Your problem will change, your users will change, the business environment will change. If you don’t also change your machine learning goals – you’ll be machine-learning the wrong thing in no time.
Some common sources of change include:
- Users – new users come, old users leave, users change their behavior, users learn to use the system better, users get bored.
- Problems – your problem changes, new news stories are published, fashion trends changes, natural disasters occur, elections happen.
- Costs – the cost of running your system might change, which puts new constraints on model execution and data and telemetry collection.
- Objectives – the business environment might change, maybe a feature that attracted users last year is ho-hum this year.
- Abuse – if people can make a buck by abusing your system, you can bet they will…
If you aren’t thinking about how these types of change are affecting your system on a regular basis, you’re machine-learning the wrong thing.
Your Metrics Aren’t Right
The true objective of your system isn’t to have high-quality intelligence. The true objective is something else, like keeping users from losing their passwords to abusers (or maybe even making your business some money).
A system’s true objective tends to be very abstract (like making money next quarter), but the things a system can directly affect tend to be very concrete (like deciding whether to block a web site or not). Finding a clear connection between the abstract and concrete is a key source of tension in setting goals for machine learning and Intelligent Systems. And it is really hard.
One reason it is hard is that different participants will care about different types of goals (and have their own tools for measuring them). For example:
- Some participants will care about making money and attracting and engaging customers.
- Some participants will care about helping users get good outcomes.
- Some participants will care that the intelligence of the system is accurate.

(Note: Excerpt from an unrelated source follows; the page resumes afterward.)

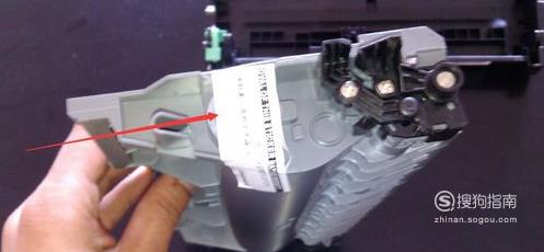 拿起其中的硒鼓,如下图:将箭头所指的地方封条撕掉,打开盖子。
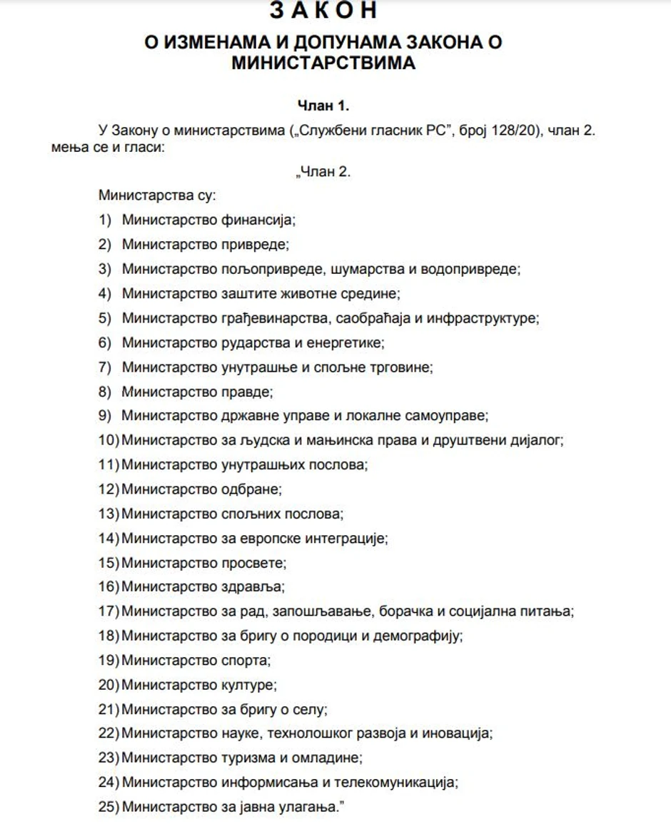 Kako stoji u predlogu koji je upućen u Skupštinu Srbije, nova Vlada Srbije imaće četiri nova ministarstva, a njihov ukupan broj biće 25.

These are all important goals, and they are related, but the connection between them is indirect: you won’t make much money if the system is always doing the wrong thing; but making the intelligence 1% better will not translate into 1% more profit.

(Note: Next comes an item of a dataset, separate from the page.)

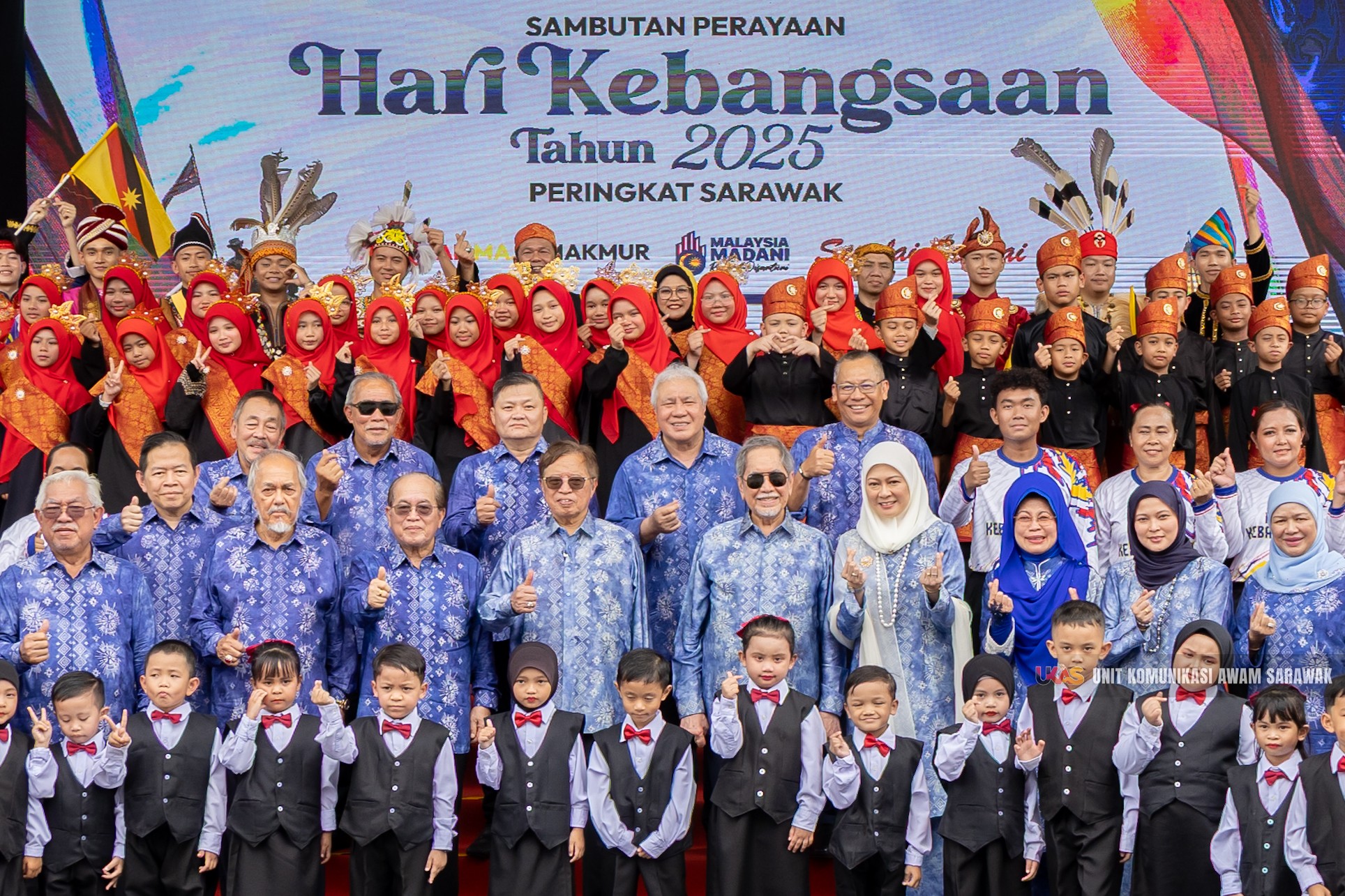 ”让我们以国庆庆典为起点,重振精神,建设更加辉煌的砂拉越和马来西亚。我们不仅以游行或表演来庆祝,更以承诺和决心来庆祝,无论身在何处,我们都将为砂拉越和国家的发展做出贡献。“
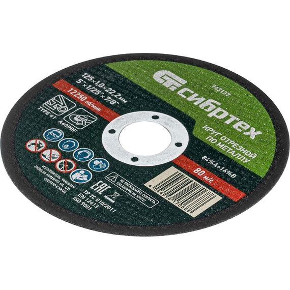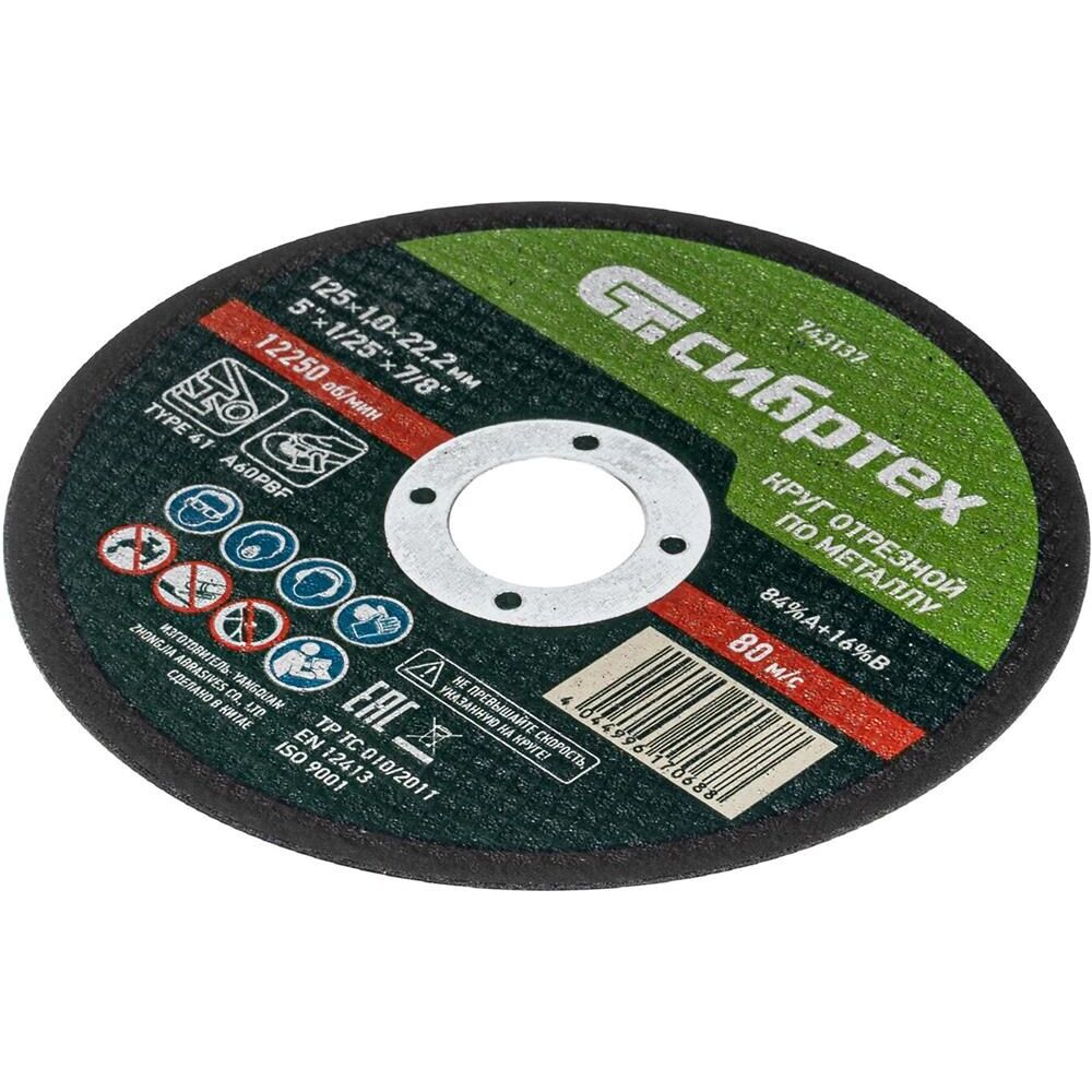 Круг отрезной СИБРТЕХ Круг отрезной по металлу, 125 х 1.0 х 22.2 мм, 84%A+16%B

If you don’t understand how your metrics relate to true success, you’re machine learning the wrong thing (Ok, Ok… I promise, I’ll only say it one more time…)
Machine learning the right thing…
So you’ll need to invest in keeping your goals healthy.
Start by defining success on different levels of abstraction and coming up with some story about how success at one layer contributes to the others. This doesn’t have to be a precise technical endeavor, like a mathematical equation, but it should be an honest attempt at telling a story that all participants can get behind.
Then meet with team members on a regular basis to talk about the various goals and their relationships. Look at some data to see if your stories about how your goals relate might be right – or how you can improve them. Don’t get too upset that things don’t line up perfectly, because they won’t.
- On an hourly or daily basis: optimize model properties, like the false positive rate or the false negative rate of the model. For example: how many phishing sites are getting blocked?
- On a weekly basis: review the user outcomes and make sure changes in model properties are affecting user outcomes as expected. For example: you blocked more phishing sites, did fewer users end up getting phished?
- On a monthly basis: review the leading indicators – like customer sentiment and engagement – and make sure nothing has gone off the rails. For example: How many users say they feel safer using your browser because of the phishing protection? How many are irritated by it?
- On a quarterly basis: look at the organizational objectives and make sure your work is moving in the right direction to affect them. For example: market share, particularly for visits to banking sites?
Your team members will make better decisions when they have some understanding of these different measures of success, and some intuition about how they relate.
And remember: you’ll need to revisit the goals of your Intelligent System often. Because things change, and if you don’t invest the time to keep your goals healthy – you’re machine learning the wrong thing!